= WORK TO COMPLETE =
Print only the lines running from the line with "18 kt two-tone" to the final line below, both included, exactly as written and without the pictures.

### DATA PROVIDED ###

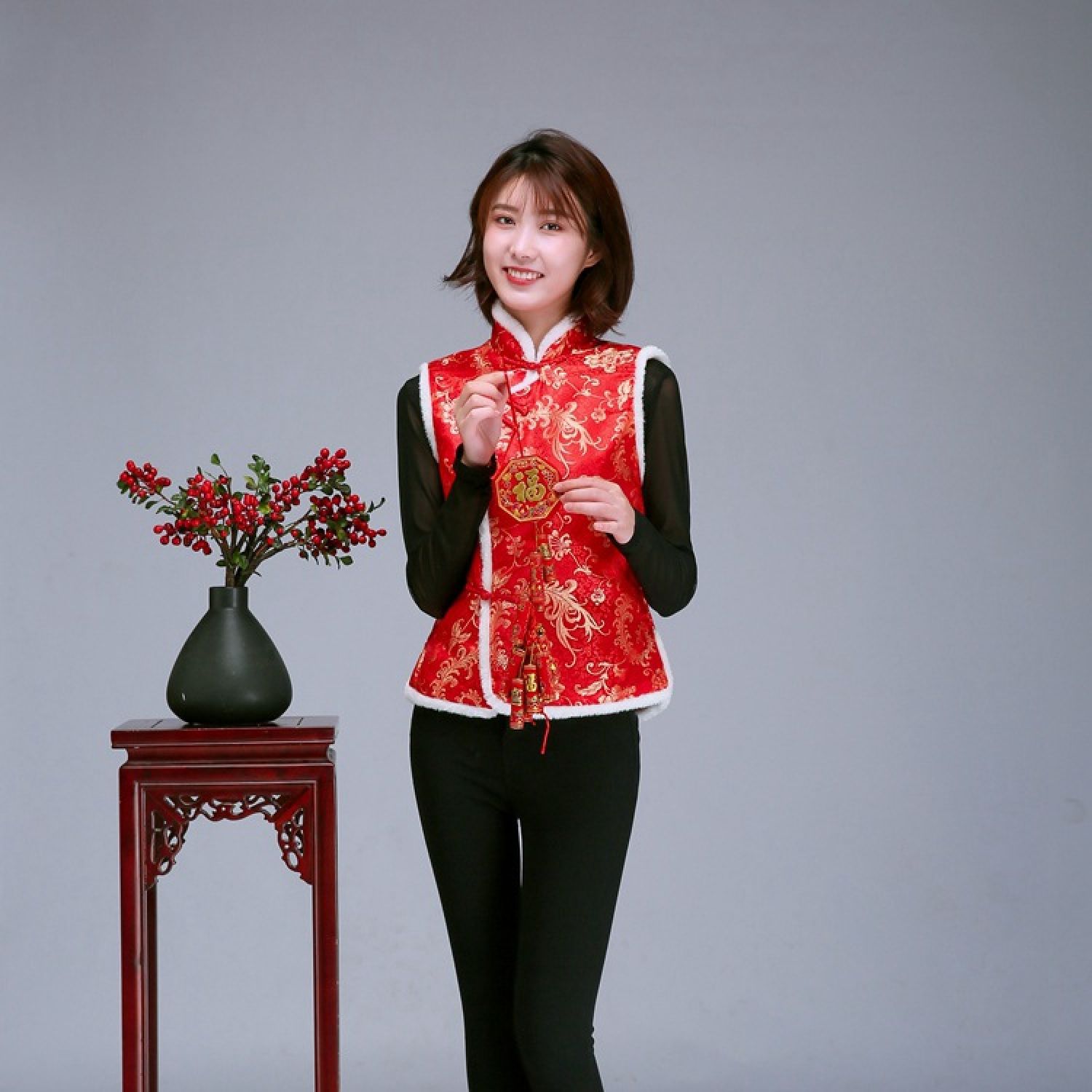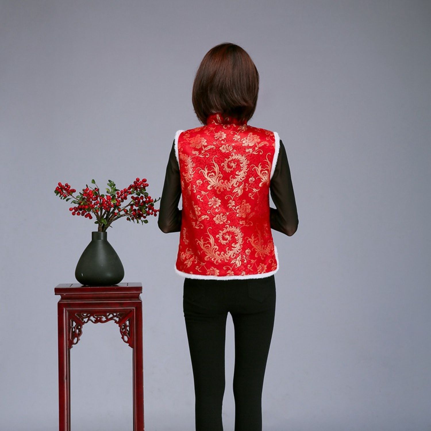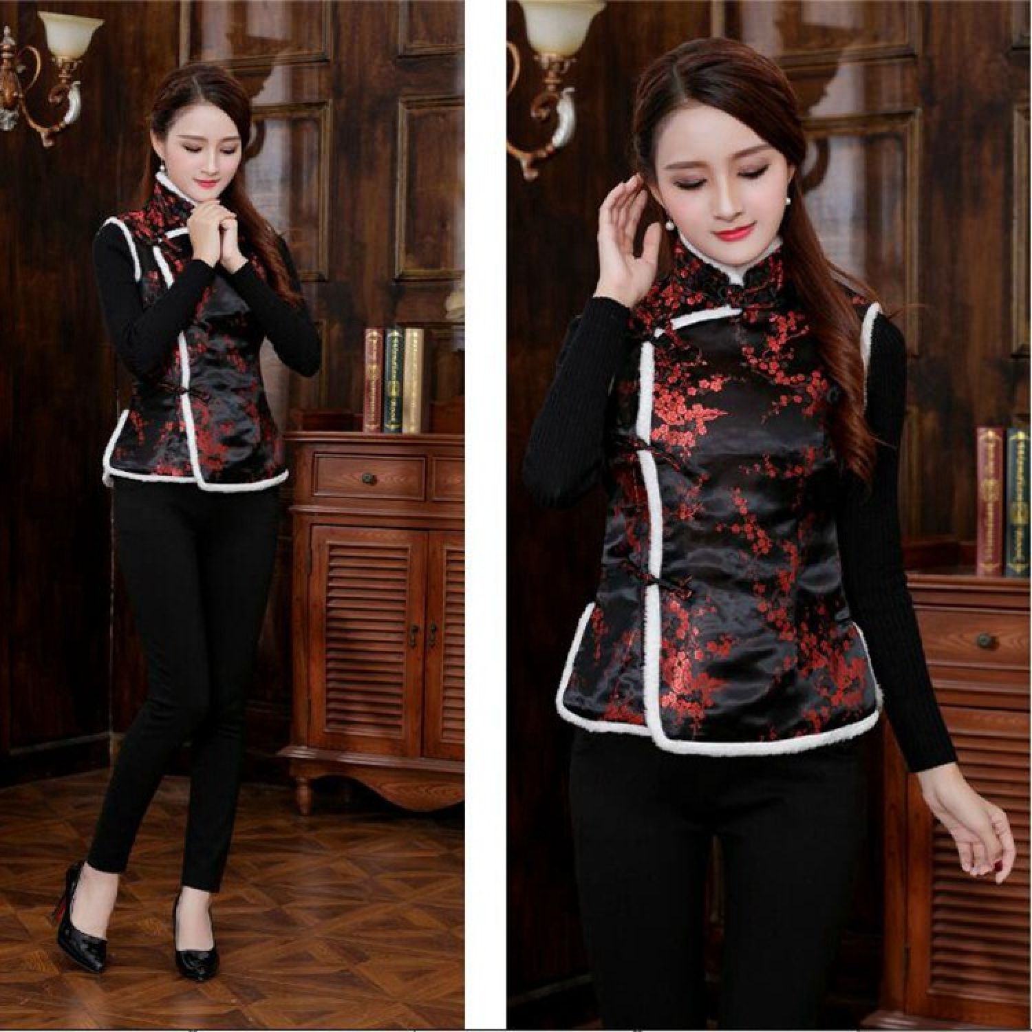 Color: Women's vest gold cake red, women's vest plum blossom red, women's vest Dragon and Phoenix Red, women's vest Phoenix Tail Red, women's vest plum pink, women's vest plum black red, women's vest Plum Blossom Dark Blue
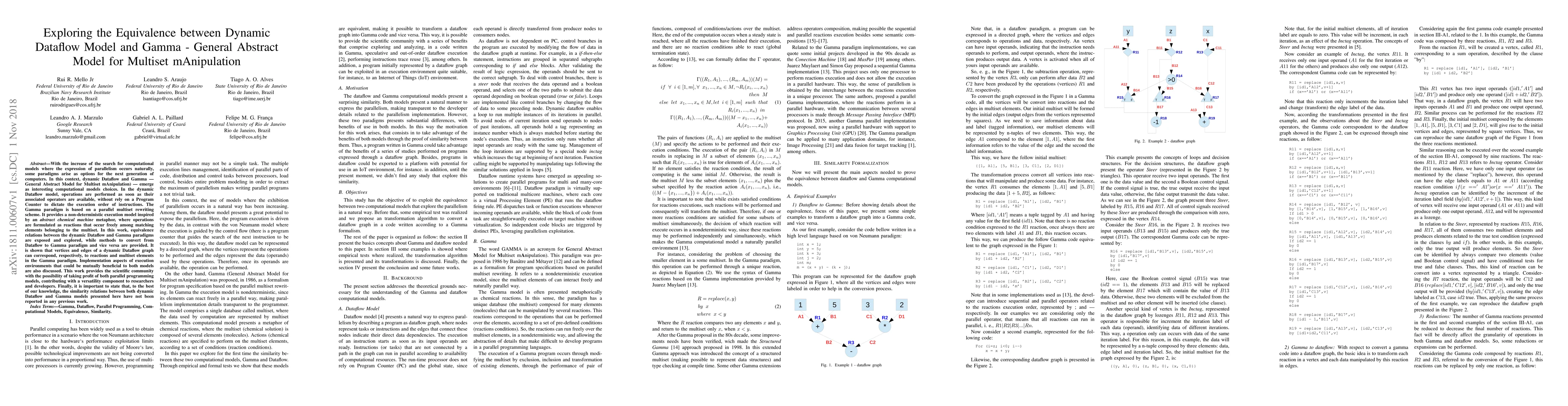 With the increase of the search for computational models where the expression of parallelism occurs naturally, some paradigms arise as options for the next generation of computers. In this context, dynamic Dataflow and Gamma - General Abstract Model for Multiset mAnipulation) - emerge as interesting computational models choices. In the dynamic Dataflow model, operations are performed as soon as their associated operators are available, without rely on a Program Counter to dictate the execution order of instructions. The Gamma paradigm is based on a parallel multiset rewriting scheme. It provides a non-deterministic execution model inspired by an abstract chemical machine metaphor, where operations are formulated as reactions that occur freely among matching elements belonging to the multiset. In this work, equivalence relations between the dynamic Dataflow and Gamma paradigms are exposed and explored, while methods to convert from Dataflow to Gamma paradigm and vice versa are provided. It is shown that vertices and edges of a dynamic Dataflow graph can correspond, respectively, to reactions and multiset elements in the Gamma paradigm. Implementation aspects of execution environments that could be mutually beneficial to both models are also discussed. This work provides the scientific community with the possibility of taking profit of both parallel programming models, contributing with a versatility component to researchers and developers. Finally, it is important to state that, to the best of our knowledge, the similarity relations between both dynamic Dataflow and Gamma models presented here have not been reported in any previous work.
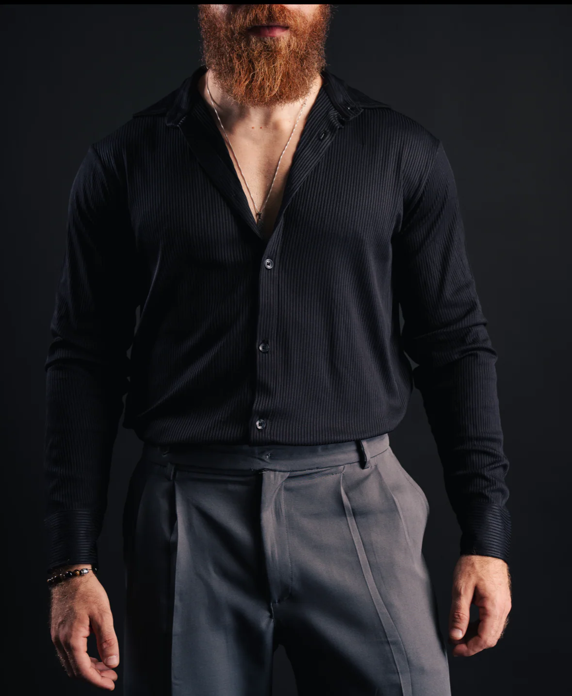 Black Slim long sleeve Pleated shirt—
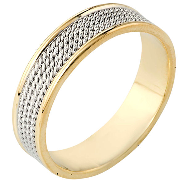18 kt two-tone hand made comfort fit, 6.0 mm wide wedding band. The ring has 4 hand made ropes in the center with a polished finish. The edges are polished. Different finishes may be selected or specified.
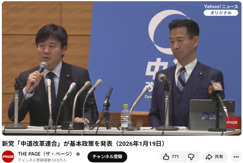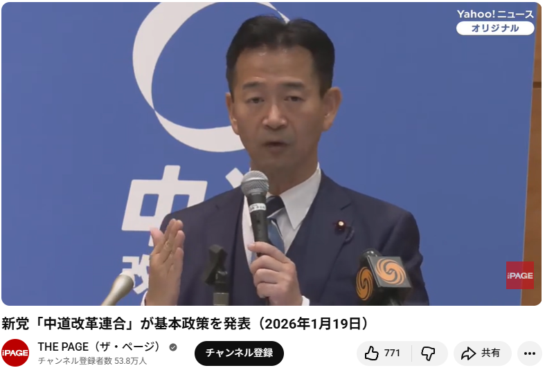 この動画は、2026年1月19日に行われた新党「中道改革連合」の基本政策発表記者会見の様子を収めたものです。
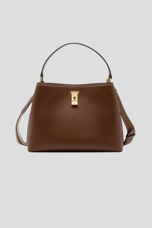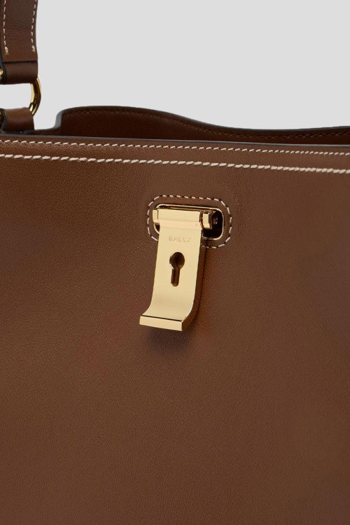 Детали: Женская коричневая кожаная сумка-тоут Lock Me от Bally (Балли). Модель из гладкой кожи, золотистая фурнитура, круглая ручка, съемный плечевой ремень, два отделения. Размеры: 30 х 22 х 11 см
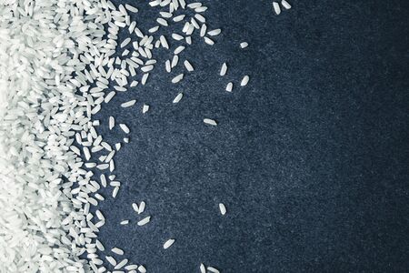 A fresh arrangement of white rice grains spills across a minimalist gray surface, providing a perfect backdrop for cooking or food-related projects.
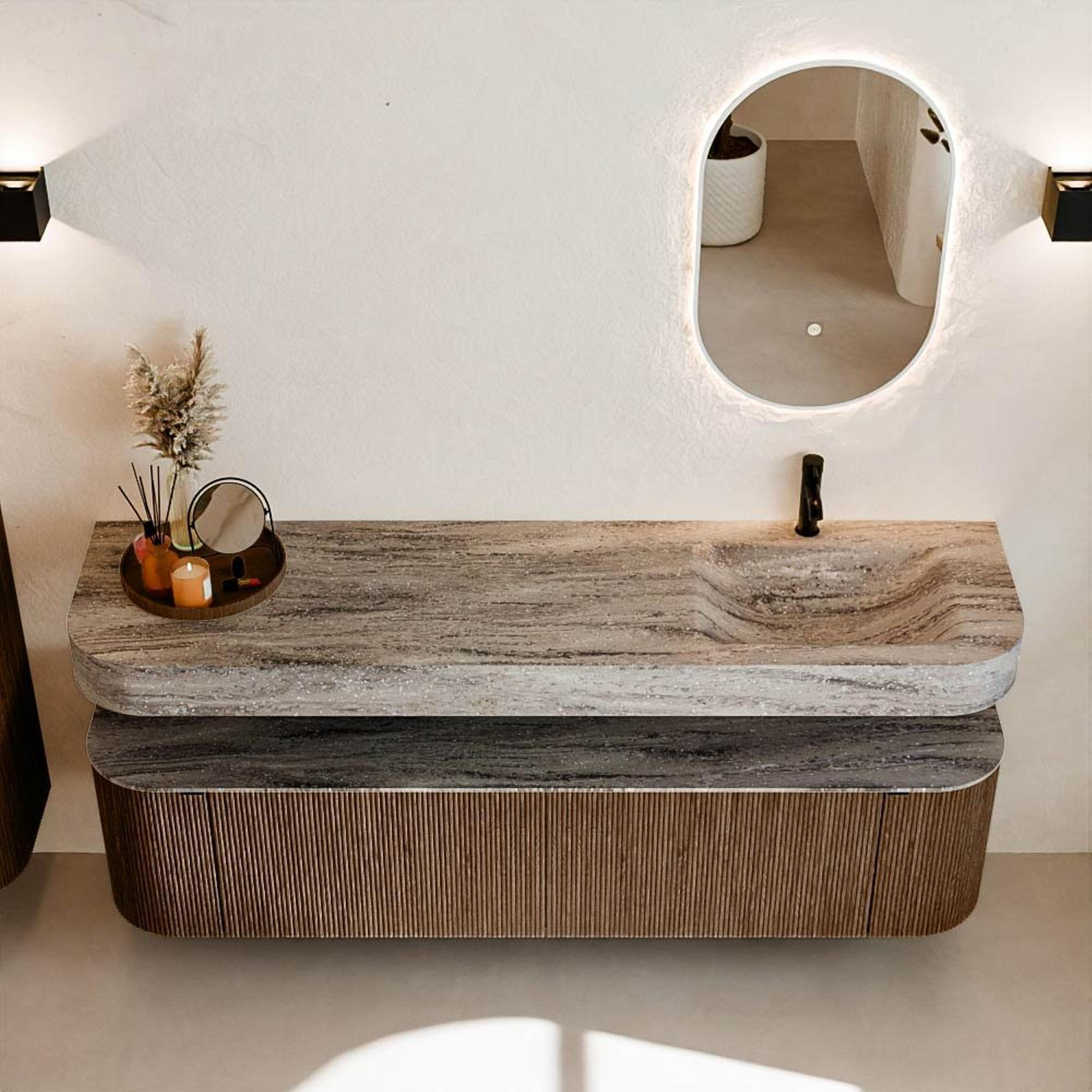 MONDIAZ THOR-DLUX Meuble de salle de bains 180cm arrondi gauche + droite couleur Walnut avec 2 tiroirs et 2 portes. Vasque suspendue CLOUD Droite 1 trou de robinet couleur Oza.
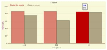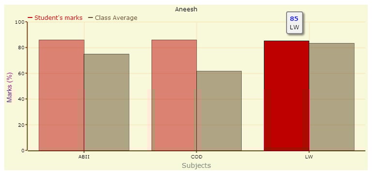 A graphical representation of a student’s performance in comparison to the class average is displayed at the bottom of the report.

###

= PROBLEM SOLUTION =
18 kt two-tone hand made comfort fit, 6.0 mm wide wedding band. The ring has 4 hand made ropes in the center with a polished finish. The edges are polished. Different finishes may be selected or specified.
 この動画は、2026年1月19日に行われた新党「中道改革連合」の基本政策発表記者会見の様子を収めたものです。
 Детали: Женская коричневая кожаная сумка-тоут Lock Me от Bally (Балли). Модель из гладкой кожи, золотистая фурнитура, круглая ручка, съемный плечевой ремень, два отделения. Размеры: 30 х 22 х 11 см
 A fresh arrangement of white rice grains spills across a minimalist gray surface, providing a perfect backdrop for cooking or food-related projects.
 MONDIAZ THOR-DLUX Meuble de salle de bains 180cm arrondi gauche + droite couleur Walnut avec 2 tiroirs et 2 portes. Vasque suspendue CLOUD Droite 1 trou de robinet couleur Oza.
 A graphical representation of a student’s performance in comparison to the class average is displayed at the bottom of the report.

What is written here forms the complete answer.